More Users, More Problems: How LinkedIn Manages their Cloud Infrastructure

One of the most basic truths of the IT industry is that as the number of users increases, so too must the number of infrastructure components within a company’s architecture, and therefore the number of things that can go wrong grows along with it. 

This challenge is nothing new to the IT giants of the world. Companies like LinkedIn, which serves over 500 million users in more than 200 different countries and territories around the world, have deployed a wide range of infrastructure components, such as multiple DNS resolvers and content delivery networks (CDNs), to meet the performance needs of their users. These services are necessary for LinkedIn to reach their customers at the edge, but with only one CDN under their direct control, they must also have a reliable monitoring solution in place to ensure that their third-party vendors are performing up to expectations. 

Putting this monitoring solution in place, however, is a challenge in and of itself. With so many third parties and so many end-user locations, the ability to have a point of presence as close to the end user as possible from which to monitor the digital experience becomes even more important. This is because many performance issues are isolated to specific regions due to issues with localized networks; for example, if you’re running your synthetic tests from Tokyo, you might be missing a micro-outage that is only being felt by users in Shanghai. 

Another crucial aspect of this strategy is that it mitigates the risk of outsourcing much of your infrastructure to third parties. No company has the resources to put first-party infrastructure in place to reach 500 million global users; it would simply be cost prohibitive to do so, regardless of how large or successful they might be. It makes much more sense to rely on third parties dedicated to that specific purpose, but that also requires a certain level of trust that those vendors won’t hamper your customer experience and thus negatively impact your brand. 

Service Level Agreements (SLAs) exist for this express purpose, ensuring that a vendor is tied to certain performance thresholds and must make financial restitution if they fall below them. However, even this can be a challenge, because there must be requisite monitoring capabilities in place to evaluate how the vendor’s service is truly performing. 

Of course, an SLA payment is only made after the damage has been done; the first priority must be to prevent the end user experience from ever suffering in the first place.
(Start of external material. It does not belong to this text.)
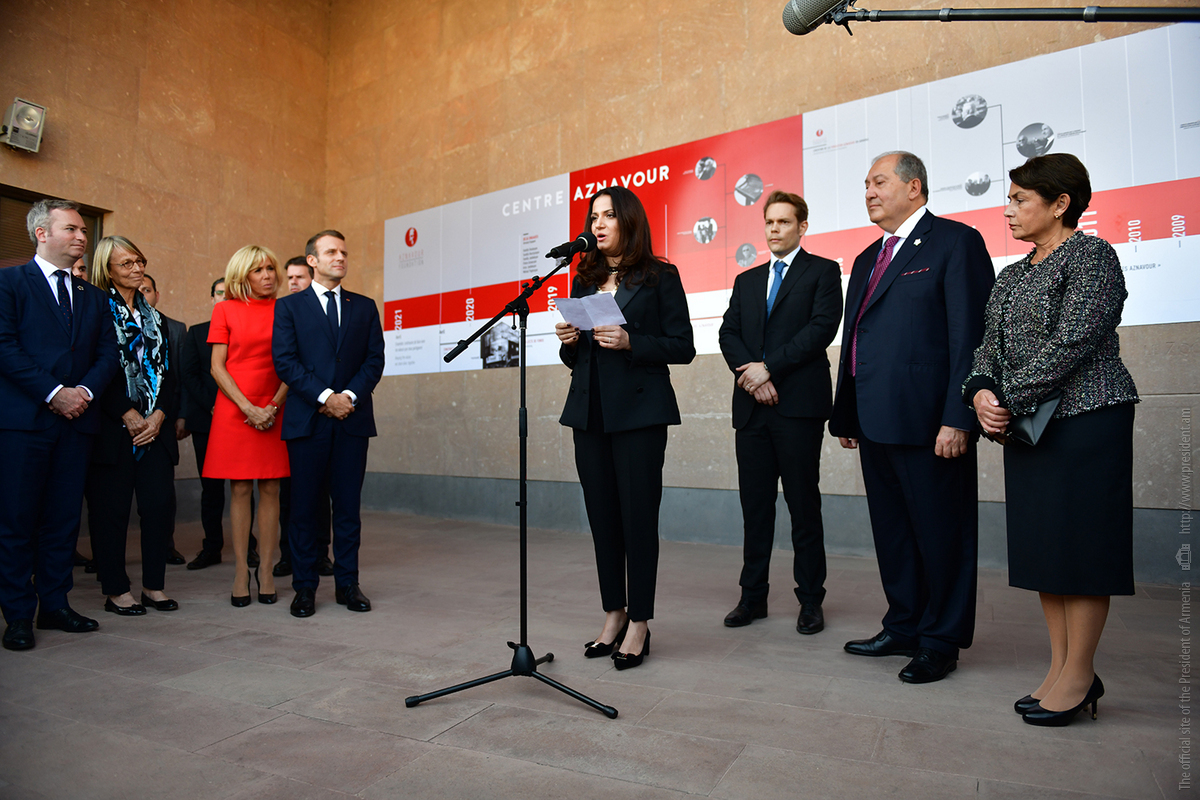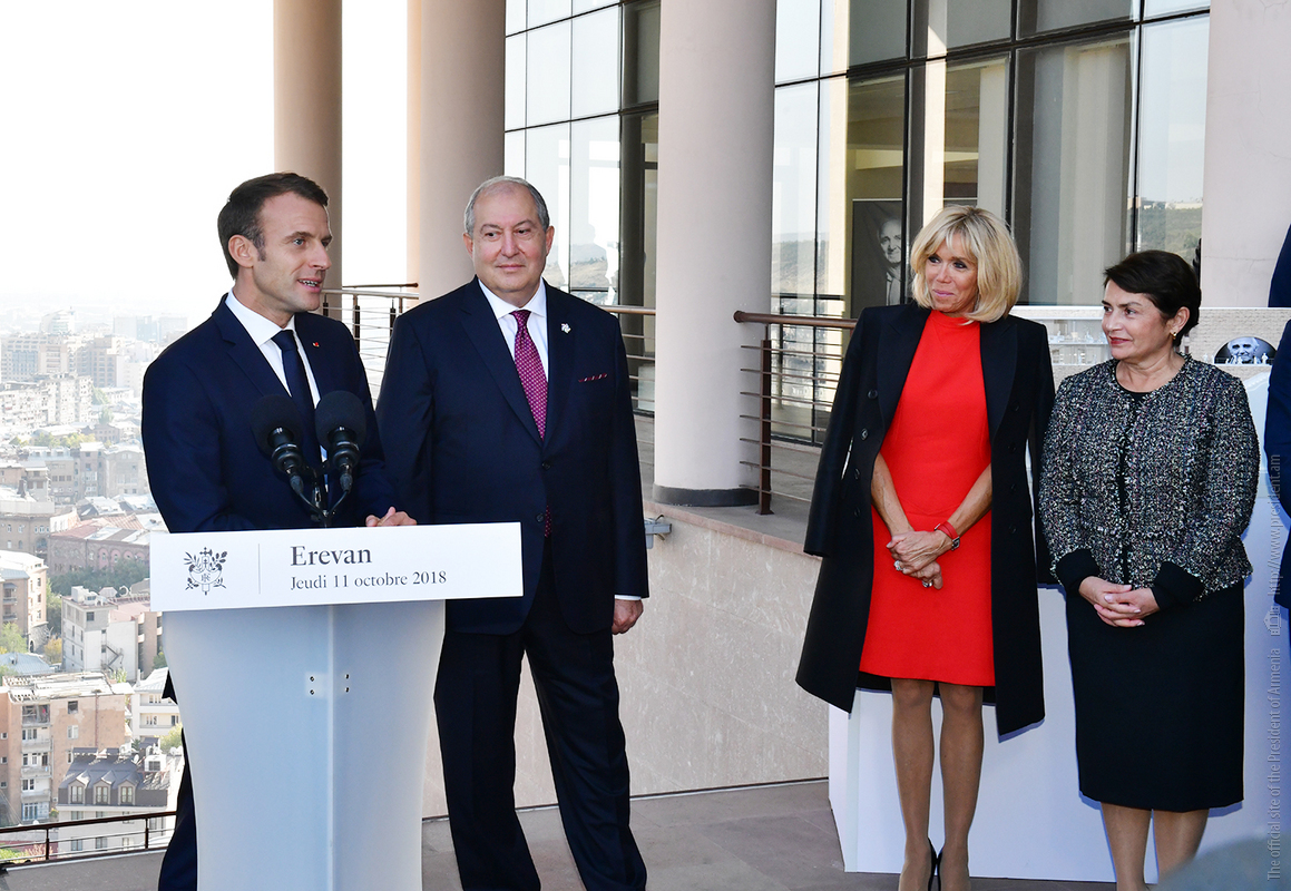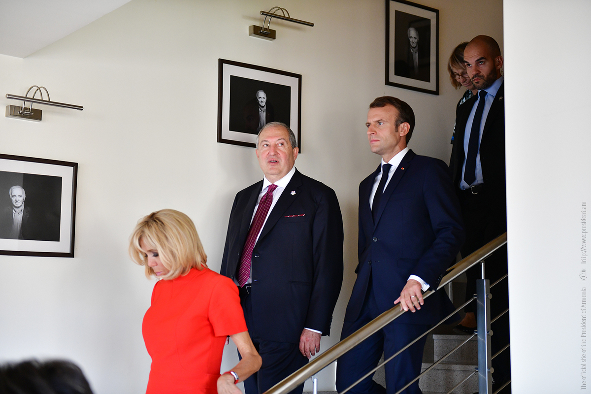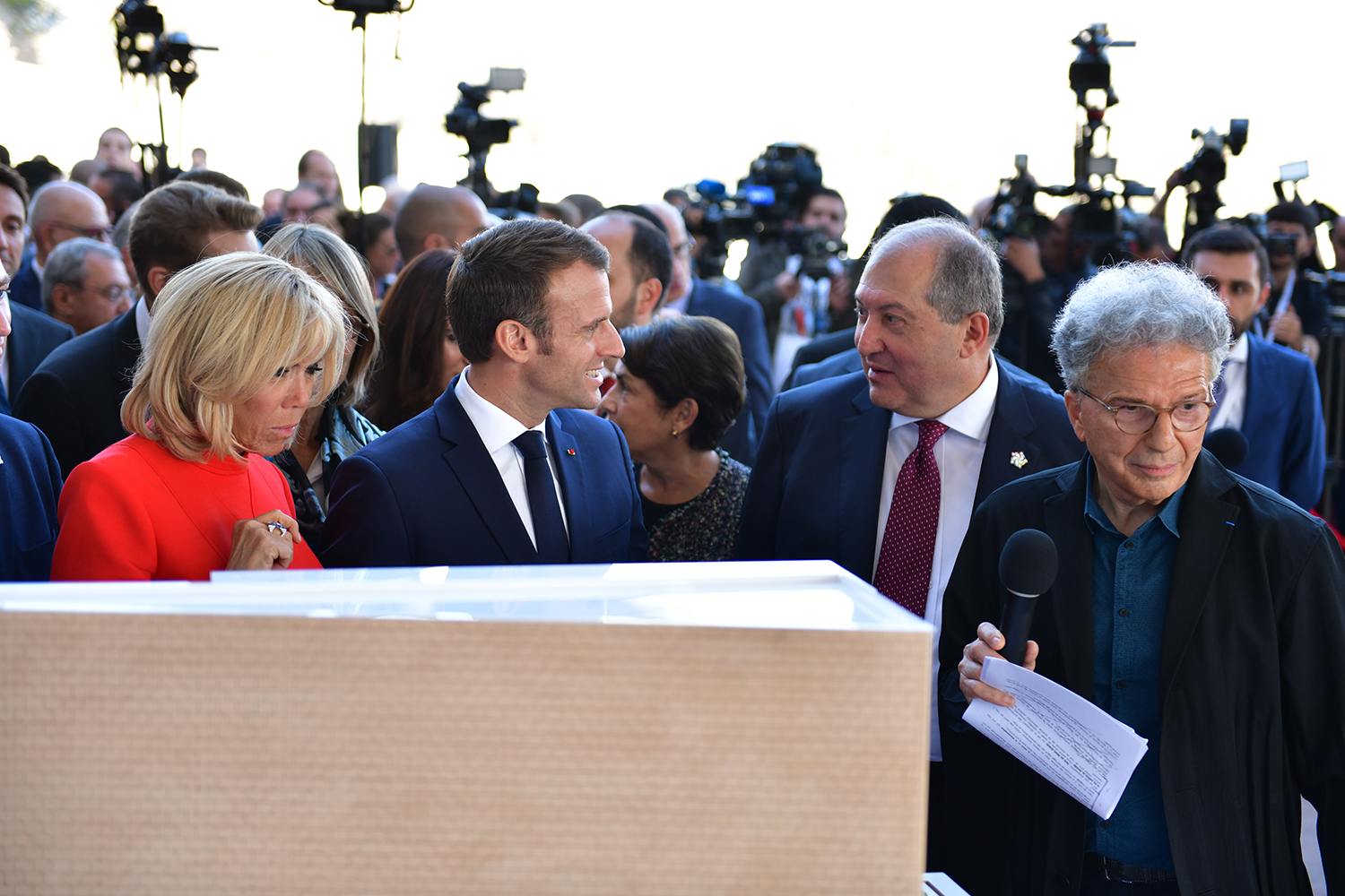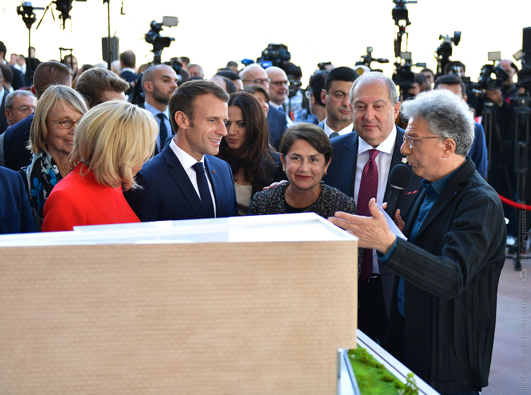 President Armen Sarkissian and Mrs. Nouneh Sarkissian together with the President of France Emmanuel Macron and Mrs. Brigitte Macron participated today at the presentation of the Aznavour Center project at the Charles Aznavour residence in Yerevan.

Here, too, is where LinkedIn’s SRE team and monitoring strategy play a key role. 

The SREs are tasked with staying ahead of performance issues and minimizing the impact whenever one occurs, which requires them to be able to catch problems in real time and troubleshoot a solution as quickly as possible. Therefore, when something such as a spike in network latency occurs, the SRE team can be alerted immediately. If the issue can’t be solved right away, they need to start handing those users off to a different CDN until the vendor can correct the problem. 

This means that in certain cases, LinkedIn could be aware of an issue even before the vendor(s) if their monitoring solution is faster and more accurate. In situations such as this, they can help the vendor identify the root cause of the issue thanks to in-depth reporting and analytical capabilities. By being able to do things like capture headers for every single object on the page, or collect and analyze the data in a short amount of time, they can then share the results with the vendor and thus generate a faster resolution to the problem. 
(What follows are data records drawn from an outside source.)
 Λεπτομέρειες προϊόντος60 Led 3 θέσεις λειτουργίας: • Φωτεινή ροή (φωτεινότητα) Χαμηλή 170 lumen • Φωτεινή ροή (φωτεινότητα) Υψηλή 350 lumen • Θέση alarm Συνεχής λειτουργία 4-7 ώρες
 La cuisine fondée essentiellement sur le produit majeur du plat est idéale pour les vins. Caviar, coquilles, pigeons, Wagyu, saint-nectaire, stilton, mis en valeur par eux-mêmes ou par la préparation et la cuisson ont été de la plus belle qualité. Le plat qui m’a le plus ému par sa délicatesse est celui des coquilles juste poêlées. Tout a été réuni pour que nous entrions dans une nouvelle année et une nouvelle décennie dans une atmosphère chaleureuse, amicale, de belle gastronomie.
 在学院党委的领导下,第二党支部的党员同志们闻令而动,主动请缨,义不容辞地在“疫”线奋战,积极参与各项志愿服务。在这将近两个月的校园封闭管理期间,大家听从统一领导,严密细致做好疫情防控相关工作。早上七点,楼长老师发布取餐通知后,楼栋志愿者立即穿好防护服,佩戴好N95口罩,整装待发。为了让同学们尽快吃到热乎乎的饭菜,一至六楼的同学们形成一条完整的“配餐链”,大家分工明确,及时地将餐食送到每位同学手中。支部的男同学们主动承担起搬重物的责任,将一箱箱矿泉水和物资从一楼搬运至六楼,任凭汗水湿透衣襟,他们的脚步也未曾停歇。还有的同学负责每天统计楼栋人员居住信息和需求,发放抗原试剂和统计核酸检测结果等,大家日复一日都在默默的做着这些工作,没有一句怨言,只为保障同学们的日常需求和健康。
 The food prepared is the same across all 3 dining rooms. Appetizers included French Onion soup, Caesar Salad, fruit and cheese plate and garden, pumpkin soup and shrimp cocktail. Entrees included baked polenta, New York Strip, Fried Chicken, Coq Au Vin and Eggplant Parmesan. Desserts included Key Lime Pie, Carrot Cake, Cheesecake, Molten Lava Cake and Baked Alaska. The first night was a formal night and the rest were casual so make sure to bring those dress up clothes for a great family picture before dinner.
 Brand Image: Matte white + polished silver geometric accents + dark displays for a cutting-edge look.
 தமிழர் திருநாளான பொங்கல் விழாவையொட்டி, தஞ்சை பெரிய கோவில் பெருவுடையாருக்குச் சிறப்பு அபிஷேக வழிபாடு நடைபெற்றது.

When you’re trying to maintain digital performance for 500 million users, speed, accuracy, and reliability of the data makes all the difference in the world. 

The post More Users, More Problems: How LinkedIn Manages their Cloud Infrastructure appeared first on Catchpoint's Blog - Web Performance Monitoring.
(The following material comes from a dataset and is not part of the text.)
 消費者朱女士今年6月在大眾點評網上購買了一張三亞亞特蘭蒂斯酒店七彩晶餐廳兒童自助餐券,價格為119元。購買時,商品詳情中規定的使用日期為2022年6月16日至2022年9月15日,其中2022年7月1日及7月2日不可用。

Read the original blog entry...

More Stories By Mehdi Daoudi

Catchpoint radically transforms the way businesses manage, monitor, and test the performance of online applications. Truly understand and improve user experience with clear visibility into complex, distributed online systems.

Founded in 2008 by four DoubleClick / Google executives with a passion for speed, reliability and overall better online experiences, Catchpoint has now become the most innovative provider of web performance testing and monitoring solutions. We are a team with expertise in designing, building, operating, scaling and monitoring highly transactional Internet services used by thousands of companies and impacting the experience of millions of users. Catchpoint is funded by top-tier venture capital firm, Battery Ventures, which has invested in category leaders such as Akamai, Omniture (Adobe Systems), Optimizely, Tealium, BazaarVoice, Marketo and many more.

Latest Stories
Cloud Expo, Inc. has announced today that Andi Mann and Aruna Ravichandran have been named Co-Chairs of @DevOpsSummit at Cloud Expo Silicon Valley which will take place Oct. 31-Nov. 2, 2017, at the Santa Clara Convention Center in Santa Clara, CA. "DevOps is at the intersection of technology and business-optimizing tools, organizations and processes to bring measurable improvements in productivity and profitability," said Aruna Ravichandran, vice president, DevOps product and solutions marketing...
The next XaaS is CICDaaS. Why? Because CICD saves developers a huge amount of time. CD is an especially great option for projects that require multiple and frequent contributions to be integrated. But… securing CICD best practices is an emerging, essential, yet little understood practice for DevOps teams and their Cloud Service Providers. The only way to get CICD to work in a highly secure environment takes collaboration, patience and persistence. Building CICD in the cloud requires rigorous a...
In his Opening Keynote at 21st Cloud Expo, John Considine, General Manager of IBM Cloud Infrastructure, will lead you through the exciting evolution of the cloud. He'll look at this major disruption from the perspective of technology, business models, and what this means for enterprises of all sizes. John Considine is General Manager of Cloud Infrastructure Services at IBM. In that role he is responsible for leading IBM’s public cloud infrastructure including strategy, development, and offering ...
SYS-CON Events announced today that IBM has been named “Diamond Sponsor” of SYS-CON's 21st Cloud Expo, which will take place on October 31 through November 2nd 2017 at the Santa Clara Convention Center in Santa Clara, California.
SYS-CON Events announced today that N3N will exhibit at SYS-CON's @ThingsExpo, which will take place on Oct 31 – Nov 2, 2017, at the Santa Clara Convention Center in Santa Clara, CA. N3N’s solutions increase the effectiveness of operations and control centers, increase the value of IoT investments, and facilitate real-time operational decision making. N3N enables operations teams with a four dimensional digital “big board” that consolidates real-time live video feeds alongside IoT sensor data a...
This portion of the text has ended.